*** Opening of SOURCE MATERIAL ***

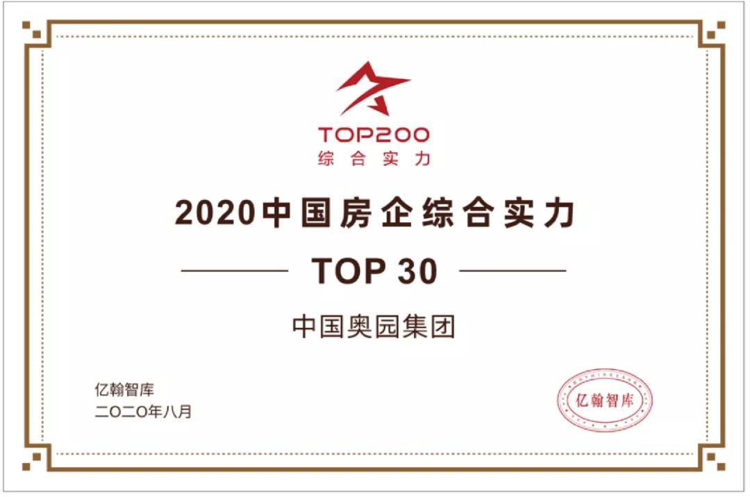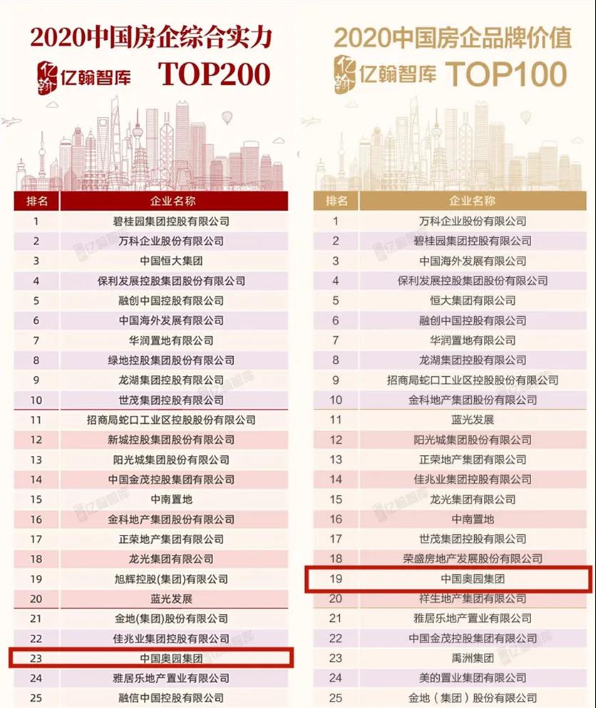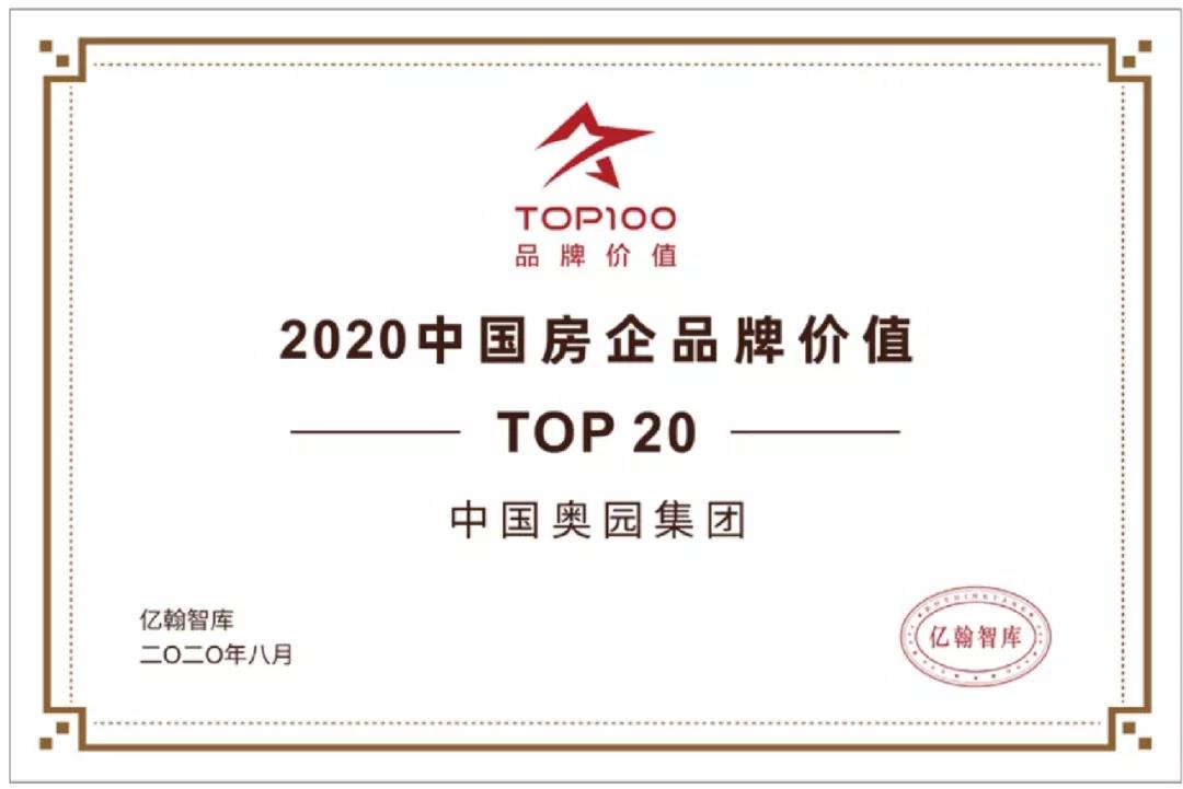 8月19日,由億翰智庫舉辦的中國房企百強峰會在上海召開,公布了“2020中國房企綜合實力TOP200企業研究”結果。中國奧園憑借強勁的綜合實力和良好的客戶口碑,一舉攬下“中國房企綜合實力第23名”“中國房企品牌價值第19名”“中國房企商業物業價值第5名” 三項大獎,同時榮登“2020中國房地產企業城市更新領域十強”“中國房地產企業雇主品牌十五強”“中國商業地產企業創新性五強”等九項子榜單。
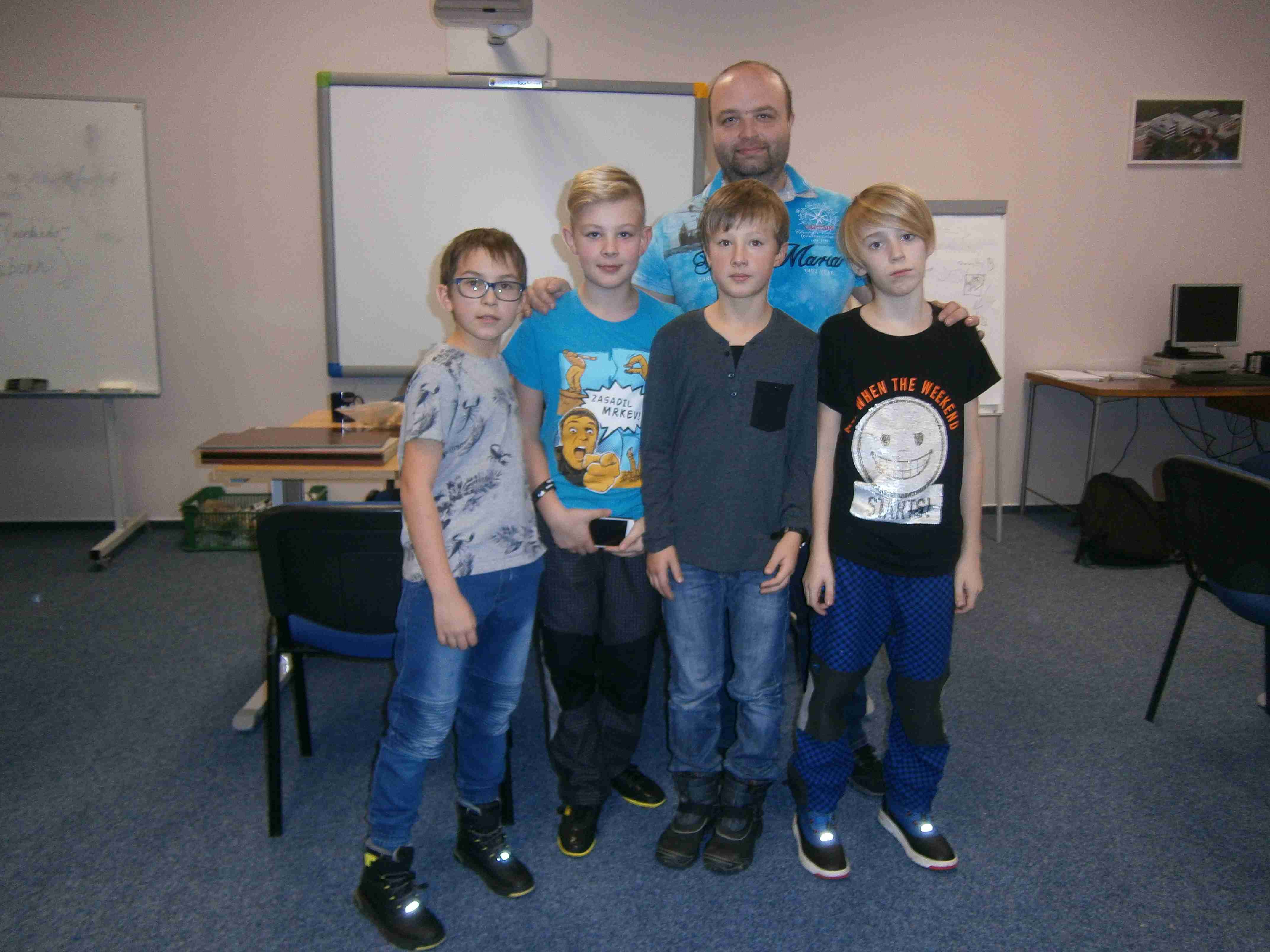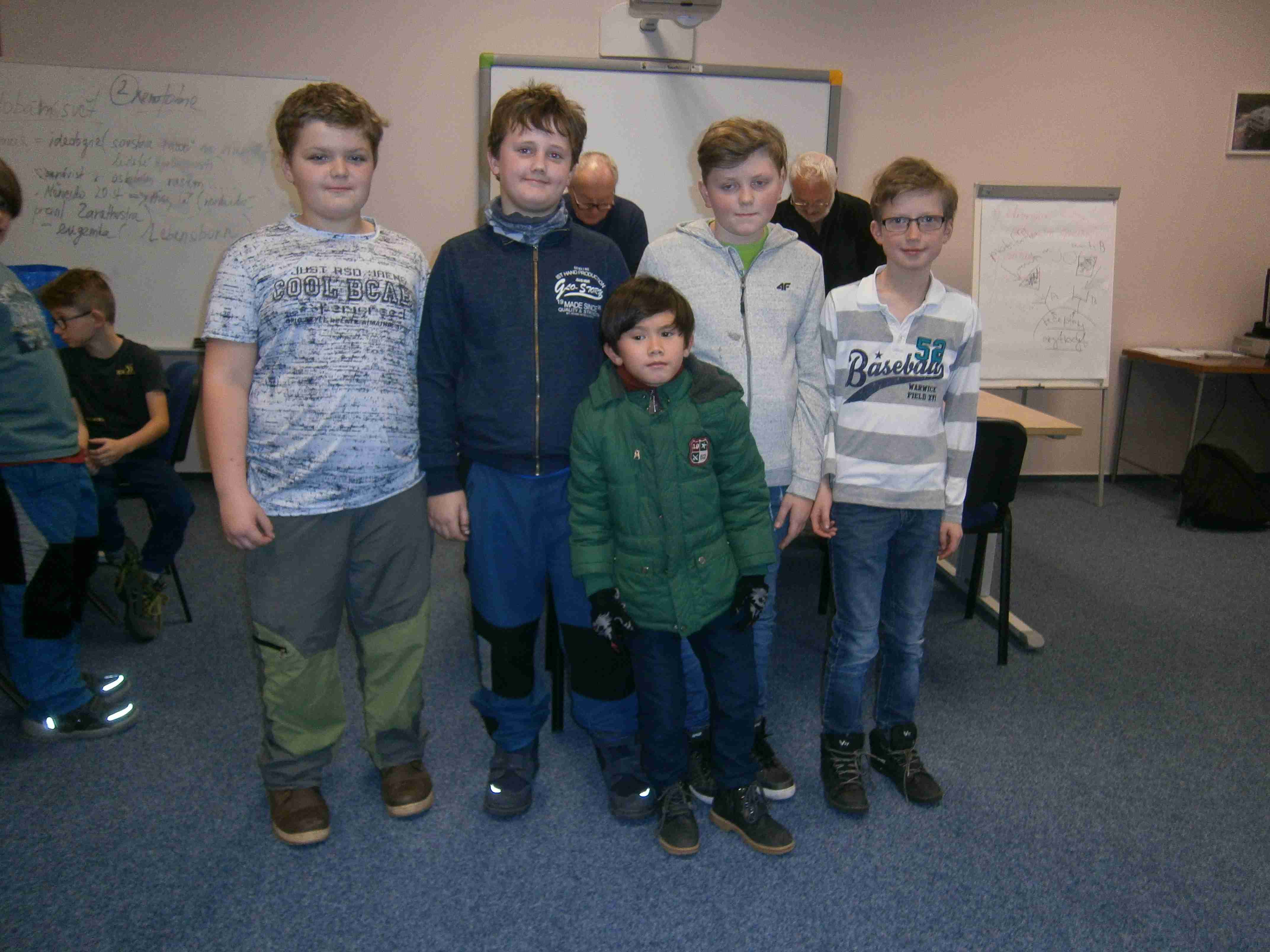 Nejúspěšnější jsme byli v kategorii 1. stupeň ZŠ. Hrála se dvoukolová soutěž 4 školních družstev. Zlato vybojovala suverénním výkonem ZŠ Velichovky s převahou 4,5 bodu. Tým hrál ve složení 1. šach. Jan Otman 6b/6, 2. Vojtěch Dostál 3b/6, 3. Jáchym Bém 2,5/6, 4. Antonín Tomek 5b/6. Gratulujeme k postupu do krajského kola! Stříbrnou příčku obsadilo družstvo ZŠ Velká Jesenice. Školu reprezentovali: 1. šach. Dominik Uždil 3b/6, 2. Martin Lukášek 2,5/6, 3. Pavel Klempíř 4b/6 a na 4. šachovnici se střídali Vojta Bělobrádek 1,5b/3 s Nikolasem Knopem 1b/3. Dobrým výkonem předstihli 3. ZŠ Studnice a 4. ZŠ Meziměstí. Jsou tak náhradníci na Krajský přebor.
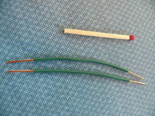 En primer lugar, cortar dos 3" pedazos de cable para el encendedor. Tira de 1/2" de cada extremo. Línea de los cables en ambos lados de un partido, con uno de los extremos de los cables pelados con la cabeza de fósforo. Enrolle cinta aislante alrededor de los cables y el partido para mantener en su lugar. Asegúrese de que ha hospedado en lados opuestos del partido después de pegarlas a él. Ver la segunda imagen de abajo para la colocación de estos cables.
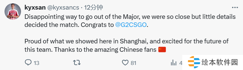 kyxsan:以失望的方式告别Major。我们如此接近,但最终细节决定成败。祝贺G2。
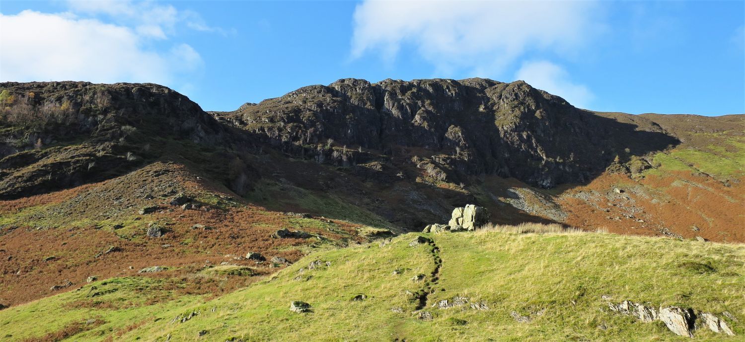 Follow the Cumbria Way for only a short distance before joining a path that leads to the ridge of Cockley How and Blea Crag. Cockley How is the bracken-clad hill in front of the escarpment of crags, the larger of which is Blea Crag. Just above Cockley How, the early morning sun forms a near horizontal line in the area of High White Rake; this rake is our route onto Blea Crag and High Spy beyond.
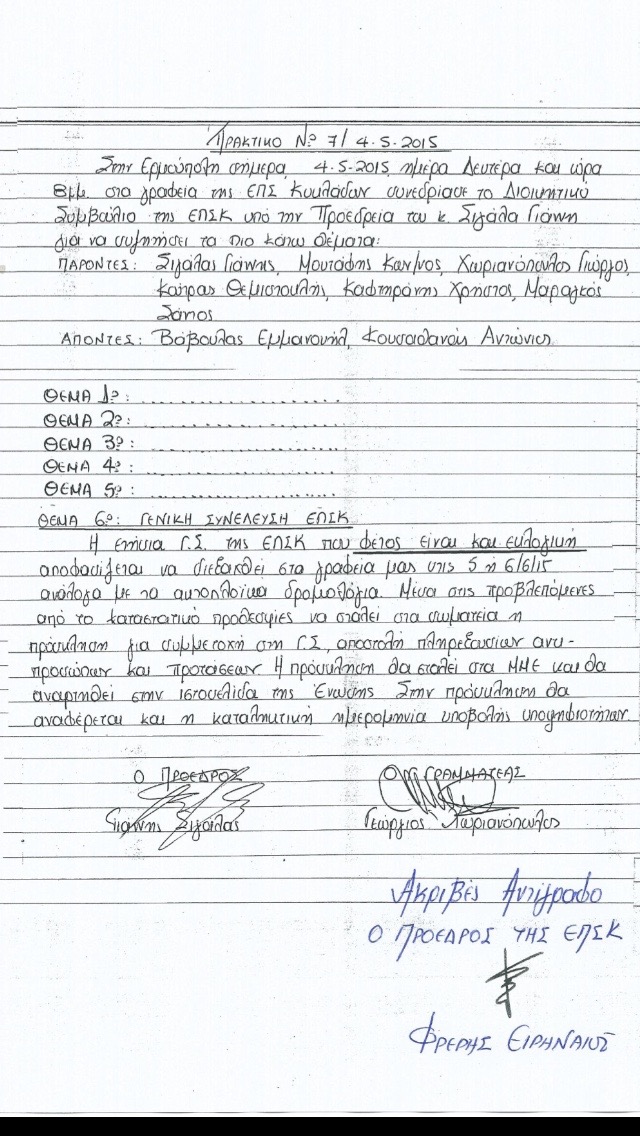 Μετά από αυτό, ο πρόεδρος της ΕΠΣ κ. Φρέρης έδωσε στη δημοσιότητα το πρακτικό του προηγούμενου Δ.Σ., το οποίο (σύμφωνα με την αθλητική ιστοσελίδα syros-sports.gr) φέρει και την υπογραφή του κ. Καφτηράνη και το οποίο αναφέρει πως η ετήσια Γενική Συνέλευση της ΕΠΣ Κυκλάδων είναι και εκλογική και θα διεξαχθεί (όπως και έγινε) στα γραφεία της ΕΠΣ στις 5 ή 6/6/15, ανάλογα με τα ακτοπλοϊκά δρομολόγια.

*** Close of SOURCE MATERIAL ***

◆ ASSIGNED TASK ◆
Output only the lines running from the top of the data above to the line with "Nejúspěšnější jsme byli", inclusive, word for word and without pictures.

◆ RESPONSE FOR THIS EXERCISE ◆
 8月19日,由億翰智庫舉辦的中國房企百強峰會在上海召開,公布了“2020中國房企綜合實力TOP200企業研究”結果。中國奧園憑借強勁的綜合實力和良好的客戶口碑,一舉攬下“中國房企綜合實力第23名”“中國房企品牌價值第19名”“中國房企商業物業價值第5名” 三項大獎,同時榮登“2020中國房地產企業城市更新領域十強”“中國房地產企業雇主品牌十五強”“中國商業地產企業創新性五強”等九項子榜單。
 Nejúspěšnější jsme byli v kategorii 1. stupeň ZŠ. Hrála se dvoukolová soutěž 4 školních družstev. Zlato vybojovala suverénním výkonem ZŠ Velichovky s převahou 4,5 bodu. Tým hrál ve složení 1. šach. Jan Otman 6b/6, 2. Vojtěch Dostál 3b/6, 3. Jáchym Bém 2,5/6, 4. Antonín Tomek 5b/6. Gratulujeme k postupu do krajského kola! Stříbrnou příčku obsadilo družstvo ZŠ Velká Jesenice. Školu reprezentovali: 1. šach. Dominik Uždil 3b/6, 2. Martin Lukášek 2,5/6, 3. Pavel Klempíř 4b/6 a na 4. šachovnici se střídali Vojta Bělobrádek 1,5b/3 s Nikolasem Knopem 1b/3. Dobrým výkonem předstihli 3. ZŠ Studnice a 4. ZŠ Meziměstí. Jsou tak náhradníci na Krajský přebor.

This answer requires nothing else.